**What to do:** What's wanted here is the full listing below, repeated exactly, with no images in it.

**Data segment:**
■ ■ ■ ■
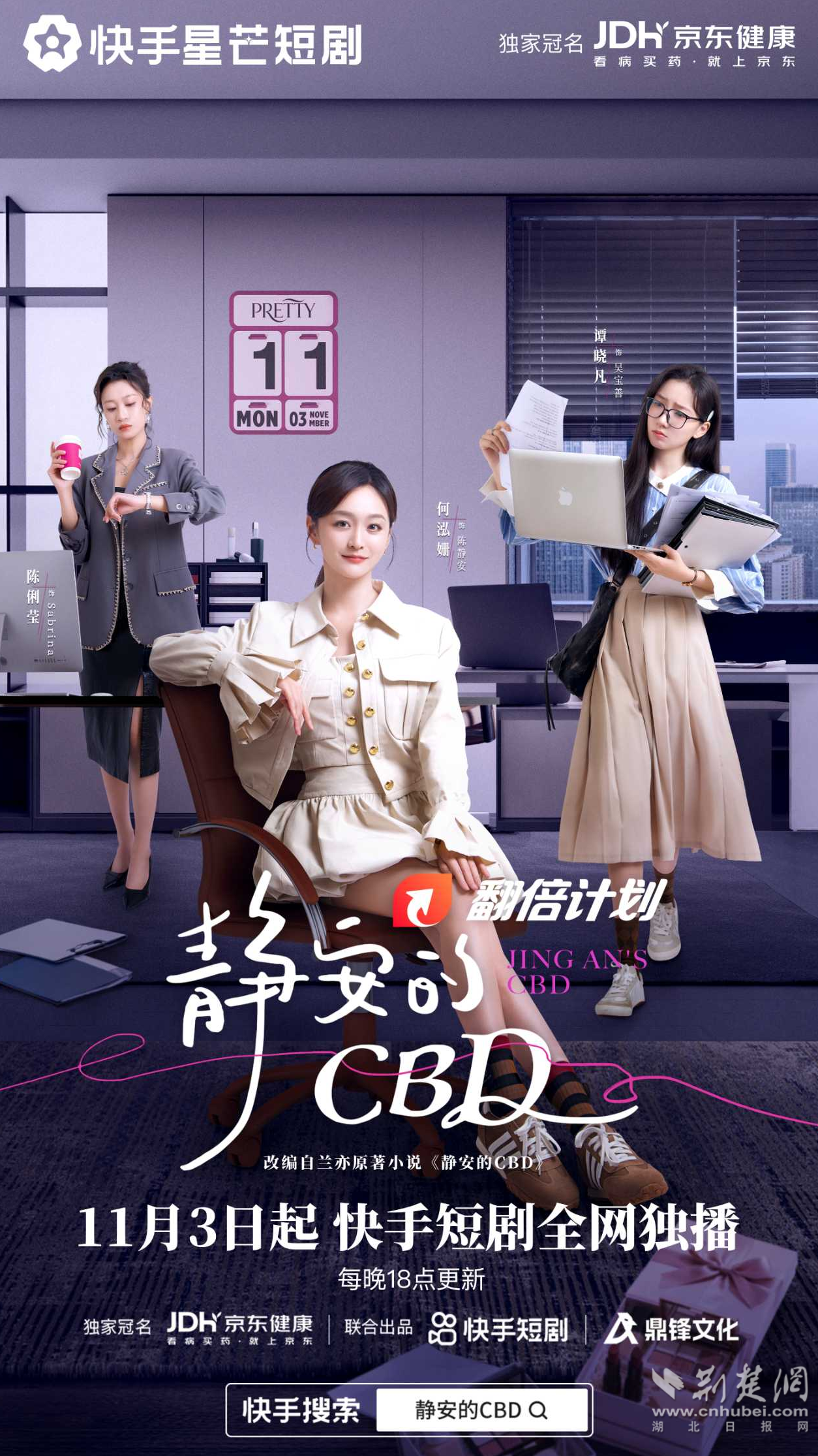 荊楚網(wǎng)(湖北日報網(wǎng))訊(通訊員 恩正)畫最愛的女神妝,走最颯的職場路。近日,都市職場題材短劇《靜安的CBD》宣布定檔,將于11月3日在快手短劇進行全網(wǎng)獨播。據(jù)悉,該劇由京東健康獨家冠名,快手與鼎鋒文化共同出品,孔令飛傾情執(zhí)導,何泓姍領(lǐng)銜主演,將用22集篇幅描繪跨越代際的女性職場群像,呈現(xiàn)Z世代女孩的青春奮斗故事。
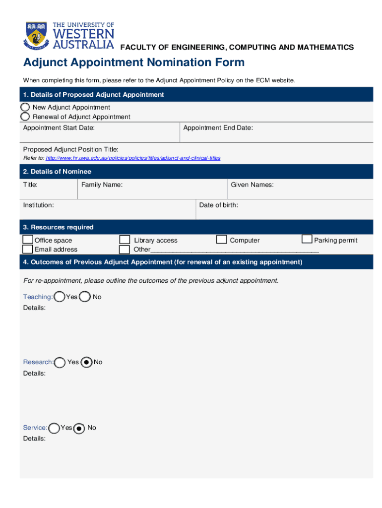 FACULTY OF ENGINEERING, COMPUTING AND MATHEMATICSAdjunct Appointment Nomination Form When completing this form, please refer to the Adjunct Appointment Policy on the ECM website.1. Details of Proposed
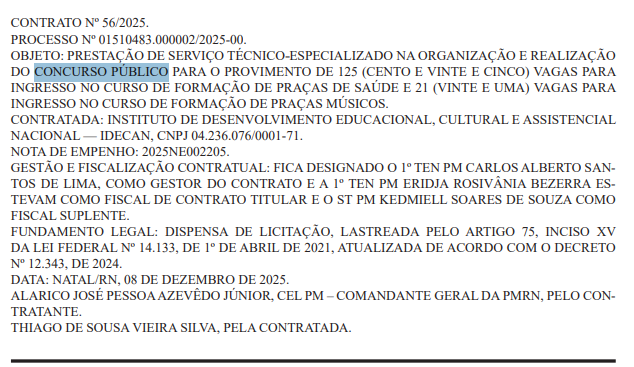 O contrato com a banca foi oficialmente publicado, nesta quarta-feira, 10 de dezembro de 2025, no Diário Oficial do Estado. Confira a publicação na íntegra.
■ ■ ■ ■
**Output for this exercise:**
 荊楚網(wǎng)(湖北日報網(wǎng))訊(通訊員 恩正)畫最愛的女神妝,走最颯的職場路。近日,都市職場題材短劇《靜安的CBD》宣布定檔,將于11月3日在快手短劇進行全網(wǎng)獨播。據(jù)悉,該劇由京東健康獨家冠名,快手與鼎鋒文化共同出品,孔令飛傾情執(zhí)導,何泓姍領(lǐng)銜主演,將用22集篇幅描繪跨越代際的女性職場群像,呈現(xiàn)Z世代女孩的青春奮斗故事。
 FACULTY OF ENGINEERING, COMPUTING AND MATHEMATICSAdjunct Appointment Nomination Form When completing this form, please refer to the Adjunct Appointment Policy on the ECM website.1. Details of Proposed
 O contrato com a banca foi oficialmente publicado, nesta quarta-feira, 10 de dezembro de 2025, no Diário Oficial do Estado. Confira a publicação na íntegra.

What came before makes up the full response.